The dispute stems from a mental health commitment warrant a Community Counseling Services employee had requested against Brian Williams during a counseling session in Tunkhannock, Pa., on Nov. 7, 2012, according to the complaint.

Melinda Williams, Brian's wife, said police officers from Overfield Township, Pa., did not yet have the warrant when they arrived at their home.

After Officer Mark Papi and others responded to a call for backup, they managed to "antagonize" Williams, who was having a "mental health breakdown," according to the complaint.

In addition to pepper-spraying Williams' dogs, the officers prevented his wife and mother from entering the house, according to the complaint.

Their conduct was all the more harmful because Williams had allegedly told the police chief "that he would come out [of the house] as long as he got to talk to his wife and mother."

Williams was allowed to speak with the women over the phone only, according to the complaint. Melinda said Williams told them during these conversations that he "had a bag packed and was coming out."

But "instead of waiting for Mr. Williams to come out peacefully, officers took out their shields and guns" and entered through the front and basement doors, Melinda said.

Believing that Williams was armed with a 2-foot long fireplace poker behind a closed door in the basement, several officers entered the room, armed with "shields, Tasers, and guns," according to the complaint.

The officers then knocked Mr.
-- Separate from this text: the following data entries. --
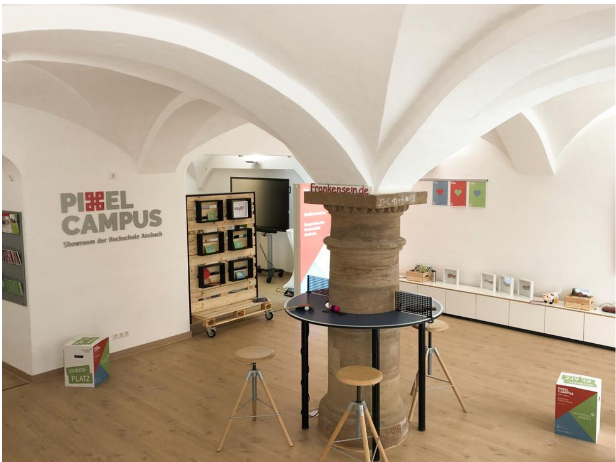
Abbildung 3 - Pixel Campus in Ansbach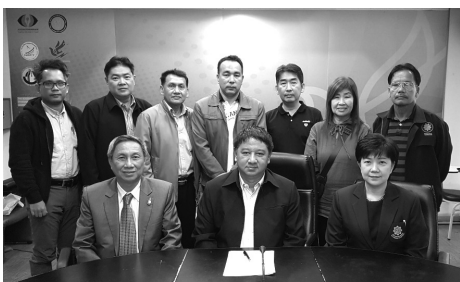
สภาการหนังสือพิมพ์ฯ จัดประชุมรับฟังความคิดเห็นต่อร่างแนวปฏิบัติสภาการหนังสือพิมพ์แห่งชาติ เรื่องการนำเสนอข้อมูล ข่าว และภาพ ความเชื่อทางไสยศาสตร์ ตัวเลข และสลากพนัน เมื่อวันที่ 18 ธ.ค.2560 ณ อาคารสมาคมนักข่าวหนังสือพิมพ์แห่งประเทศไทย

“หยิกนิด สะกิดหน่อย” ฉบับเดือน มกราคม - กุมภาพันธ์ 2561..... ช่วงเวลาที่หลายคนเตรียมคำถามไว้ถามกันเมื่อยามเจอหน้าว่า “เราจะอยู่กันอย่างไรร” ภายใต้การถดถอยของสื่อที่เกิดขึ้นต่อเนื่องจากปี 2560 ..... แม้คำตอบจะยังไม่ชัด แต่ที่ “คอนเฟิร์ม” เป็นเรื่องเป็นราวได้แล้วคือ คนสื่อที่ถูกปลดออกจากรางานมากในปีที่ผ่านมา นั้น จะทำอะไรกัน ..... สื่อรุ่นกลางจำนวนไม่น้อย มีความคิดที่จะรวมกลุ่มเพื่อนพ้องน้องพี่ จัดตั้งสำนักข่าวออนไลน์ เพื่อรักษาที่ยืนของทุกคน (ที่ตกงาน) ไว้ เนื่องจากไม่ต้องการให้ทุนรอนมากมายในช่วงเริ่มต้น ..... งานนี้ขอบอกว่า เบอร์เซ็นต์ความเป็นไปได้มีสูงพอๆ กับเป็นไปได้ไม่ได้ ..... เหตุผลคือ ทุกวันนี้ “คนสื่อ” จำนวนไม่น้อย มีความรู้ความสามารถทางด้านเทคโนโลยี และ “คอนเทนต์” จนพอที่จะยืนอยู่บนขาของตัวเองได้ โดยที่ไม่ต้องพึ่งพาใคร ..... ช.ต.พ. ครับ ..... ขณะที่ “กูรู” ในวงการ ฟันธง “ทิศทางสื่อไทยในปี ‘61” ว่า ระวัง “สีนามิ” จะขึ้นกระหน่ำวงการสื่ออีกระลอก ..... ซึ่งนั่นหมายถึงบรรดา “นกน้อยในไร่ส้ม” ก็จะได้รับผลกระทบไม่ยิ่งหย่อนไปกว่าปีที่ผ่านมา ดังนั้นการเตรียมตัวรับสถานการณ์จึงไม่ใช่เรื่องเสียหาย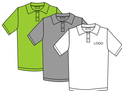
Laste polosärk lühikeste varrukatega JN070K Värvused: lime, white, rose Suurused: 110-116, 122-128, 134-140, 146-152, 158-164 Materjal: 100% puuvill Hind: 12,00 EUR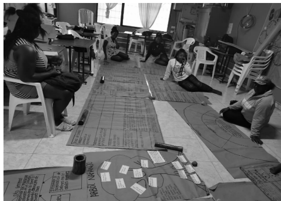
Fotografía 4. Actividades de la clase en el Diplomado en Gerencia Social y Gestión de Recursos Naturales en Territorios Ancestrales y Colectivos.

En ese sentido, en Ready for Impact , ASOMUAFROYO tuvo que construir un proyecto que, contemplara el fortalecimiento de su liderazgo y el fortalecimiento comunitario (ver fotografía 4). Esto pasó por dos fases previas constitutivas del proyecto, la fase personal que acompañó el proyecto de vida de algunas de las integrantes, en conexiones con sus motivaciones e intereses personales y organizativos (Universidad Icesi, 2020).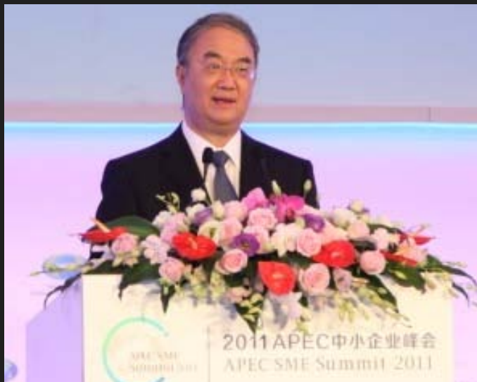
全国人大常委会副委员长桑国卫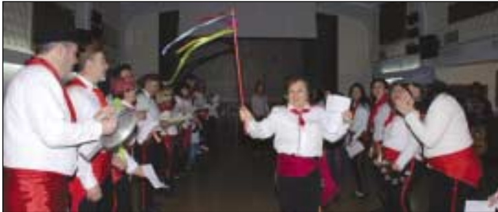
Η Μπάντα Καρικατούρα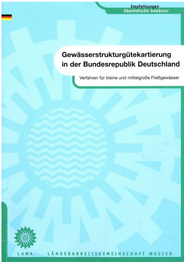
Abb. 1: Verfahrensempfehlung zur Gewässerstrukturgütekartierung in der Bundesrepublik Deutschland – Verfahren für kleinen bis mittelgroße Fließgewässer.

Die beiden Verfahren sind ursprünglich für natürliche Fließgewässer entwickelt worden. Da es in Bezug auf die Gewässerstruktur aber häufig keine Unterschiede zwischen morphologisch stark veränderten natürlichen Bächen und Flüssen oder künstlich geschaffenen Gewässern gibt, kann es auch an erheblich veränderten oder künstlichen Fließgewässern (z. B. Gräben und kleinen Kanälen) angewendet werden. Das Verfahren ist sowohl in der Landschaft als auch in Ortslagen anwendbar.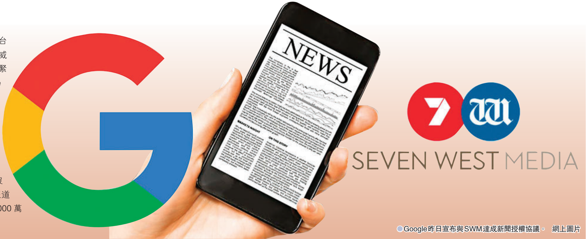
● Google昨日宣布與SWM達成新聞授權協議。

澳洲計劃立法強制科企為平台發布的新聞付費，Google 一度威脅要撤出澳洲，令雙方關係緊張，不過形勢昨日有變。Google 昨日宣布與澳洲傳媒集團 Seven West Media (SWM) 達成新聞授權協議，是首次有澳洲大型傳媒集團同意與 Google 合作，讓旗下新聞報道刊登於 Google 新推出的 News Showcase 平台。雙方沒有透露協議金額，但當地傳媒報道 Google 會向 SWM 支付每年 3,000 萬澳元（約 1.8 億港元）授權費。

Williams to the ground and Tasered him multiple times when he tried to stand up, Melinda said.

It was "only minutes" later that Papi, who had been instructed "to stay outside, in the perimeter of the home," shot Williams twice, according to the complaint.

Williams died soon after, allegedly as a result of "multiple gunshot wounds."

Papi moved to dismiss the unreasonable seizure, assault and battery claims against him, but U.S. District Judge Robert Mariani denied the motion July 3, tossing aside the officer's "gross generalizations" that Mr. Williams "endangered" the police.

"It cannot be said that a passive individual with a mental health warrant against him is just as dangerous as an obstreperous one, or that a plaintiff with a fireplace poker on the floor out of arm's reach is just as dangerous as one thrusting the poker at police," Mariani wrote. "Rather, the factfinder must have specific information to determine whether all these facts and circumstances came together in the instant case to warrant the actions that defendant Papi took, before it can enter judgment in Papi's favor."

Papi is not entitled to qualified immunity under the Fourth Amendment, the ruling states.

"The protections of the Fourth Amendment are sufficiently clear that Defendant should have known that shooting Williams to death violated those protections," Mariani wrote. "It may be that discovery will cast a new light on the qualified immunity analysis. But on the face of plaintiff's complaint, there is certainly no reason to believe that qualified immunity exists as a matter of law, any more than there is reason to hold, for the reasons discussed above, that the killing itself was necessarily justified."

Punitive damages may also be available since Papi has not been sued in his official capacity, though he was identified as someone "working for" the police department.